Qualcomm CEO: Streaming video quality may make you question what’s real and what’s not

Qualcomm CEO Steve Mollenkopf used his Friday morning keynote at CES 2017 to boast about Qualcomm’s leadership in 5G and provided a glimpse of what that world’s going to look like—complete with latency that’s faster than the blink of an eye.

Mollenkopf held up Qualcomm’s latest flagship processor, the Snapdragon 835, the first 10-nanometer mobile processor, which means its transistor is about 7,500 times smaller than a strand of hair. The device marks an important turning point in the industry as mobile—not PC— sets the pace for shrinking processors with the leading process nodes, he said.

According to the CEO, the tiny 835 package can deliver incredible new capabilities in a device that uses 25 percent less power than the previous generation. It has extended battery life, built-in security and new capabilities for eye-based authentication. But despite its many features, the hallmark of the technology is what it means to the immersive world.

“We’re bringing a fiber-like experience to a wireless connection,” he said. “With this kind of processing power, coupled with gigabit LTE connectivity, streaming video will look and sound so good you may question what’s real and what’s not.”
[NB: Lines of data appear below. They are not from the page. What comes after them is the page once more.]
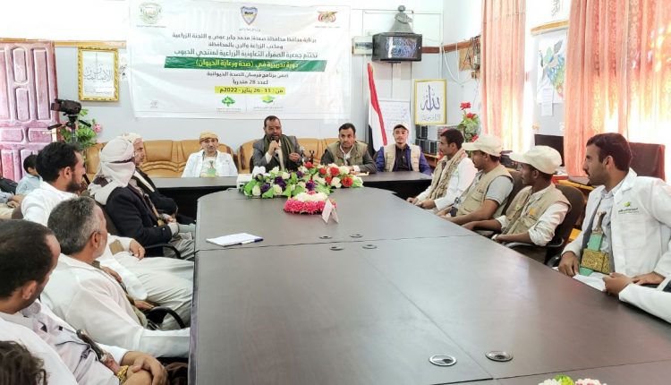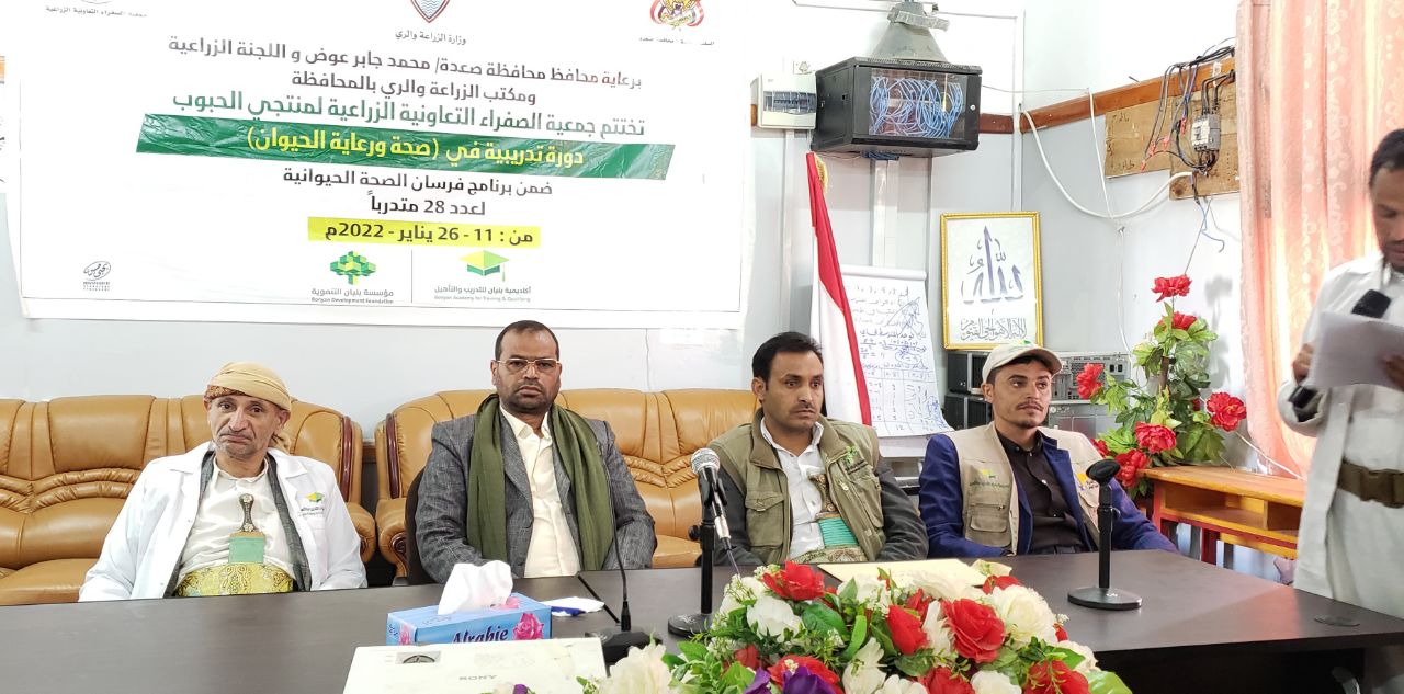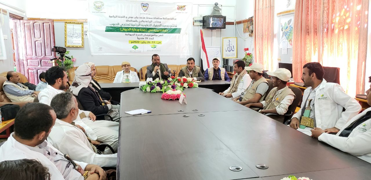اختتمت جمعية الصفراء التعاونية الزراعية لمنتجي الحبوب اليوم في محافظة صعدة دورة تدريبية في مجال صحة ورعاية الحيوان ضمن برنامج فرسان الصحة الحيوانية.
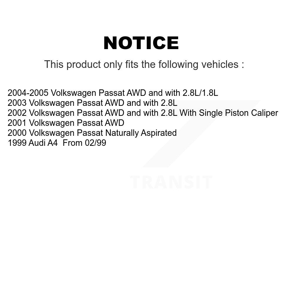 | 2002 | Volkswagen | Passat | All | With Single Piston Caliper | All | AWD | 2.8 | All |
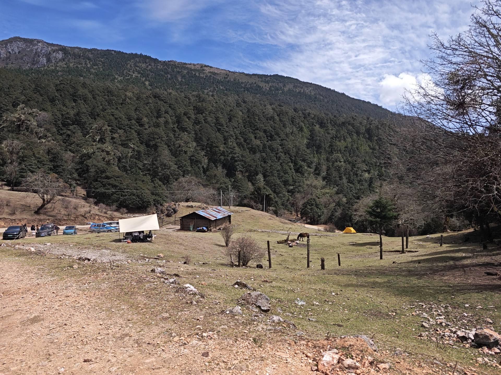 这条防火道快走到尽头时,我听到喧嚣的人声。前面停着若干辆车。一片空地上上,搭了一个硕大的凉棚,棚下面冒着烧烤的白烟,我似乎闻到了羊肉和孜然的味道。外围树着栅栏,几个木屋正在施工中。另一处草甸上,自带的天棚下,几个游客正围桌野餐。

Devices featuring the 835 will be commercially available the first half of this year. He also said that the X50 modem, which Qualcomm announced a few months ago, is the first in a family of 5G modems that will provide an anchor to early deployments of 5G and will be essential to the millimeter wave systems that will start trials and deployments in late 2017 and early 2018.

5G will make it possible to trust the mobile connection for critical applications, whether it's a doctor remotely monitoring a patient’s status or a commuter relying on an autonomous vehicle, he said. Latency will be as low as 1 millisecond, or 400 times faster than the blink of an eye.
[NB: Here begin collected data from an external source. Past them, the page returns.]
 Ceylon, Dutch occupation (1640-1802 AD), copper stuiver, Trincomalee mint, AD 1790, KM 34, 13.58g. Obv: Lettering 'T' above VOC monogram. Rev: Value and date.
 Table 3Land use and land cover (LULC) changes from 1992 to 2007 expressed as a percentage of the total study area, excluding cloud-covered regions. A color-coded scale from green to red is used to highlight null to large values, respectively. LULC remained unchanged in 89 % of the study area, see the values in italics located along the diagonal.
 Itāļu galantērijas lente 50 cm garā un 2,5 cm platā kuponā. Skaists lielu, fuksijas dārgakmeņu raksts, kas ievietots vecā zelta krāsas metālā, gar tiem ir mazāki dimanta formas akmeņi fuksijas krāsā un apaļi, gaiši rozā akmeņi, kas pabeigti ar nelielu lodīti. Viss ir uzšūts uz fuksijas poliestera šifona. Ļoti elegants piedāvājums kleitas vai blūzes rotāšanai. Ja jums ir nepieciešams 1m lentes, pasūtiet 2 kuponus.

He also pointed to a new 5G economic study that Qualcomm commissioned that confirms that 5G will make mobile even more essential than it is today and its impact will be akin to the introduction of electricity or the automobile. Up to $12 trillion worth of goods and services could be enabled by 5G, or more than the combined consumer spending by China, Japan, France and the UK last year.
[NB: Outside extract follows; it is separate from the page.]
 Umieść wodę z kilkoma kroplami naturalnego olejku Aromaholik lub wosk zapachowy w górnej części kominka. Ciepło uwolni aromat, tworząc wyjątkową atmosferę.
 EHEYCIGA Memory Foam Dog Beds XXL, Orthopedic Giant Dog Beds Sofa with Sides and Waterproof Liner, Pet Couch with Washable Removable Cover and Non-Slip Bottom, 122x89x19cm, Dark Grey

Qualcomm spent the last 30 years connecting people and every 3G and 4G device ever shipped contains Qualcomm technology and inventions, and it will continue to get the world ready for 5G years before the world can take advantage of it, he said. The company will be collaborating with AT&T, Ericsson and SK Telekom on 5G New Radio trials set to launch this year.

The CEO also spent some time detailing what Qualcomm is doing with OneWeb, both as a tech advisor and investor, with OneWeb aiming to extend Wi-Fi and cellular to remote areas of the world, and how Qualcomm is pushing V2X standards for vehicles, providing non-line-of-sight awareness for vehicles to see what’s coming down the road.

The keynote started with a video encouraging developers to get involved and highlighted images of major inventors, including Qualcomm’s very own co-founder Irwin Jacobs, and showed an image of him with his son, former Qualcomm CEO and current Executive Chairman Paul Jacobs, who is working with Virgin Group’s Sir Richard Branson on the OneWeb project.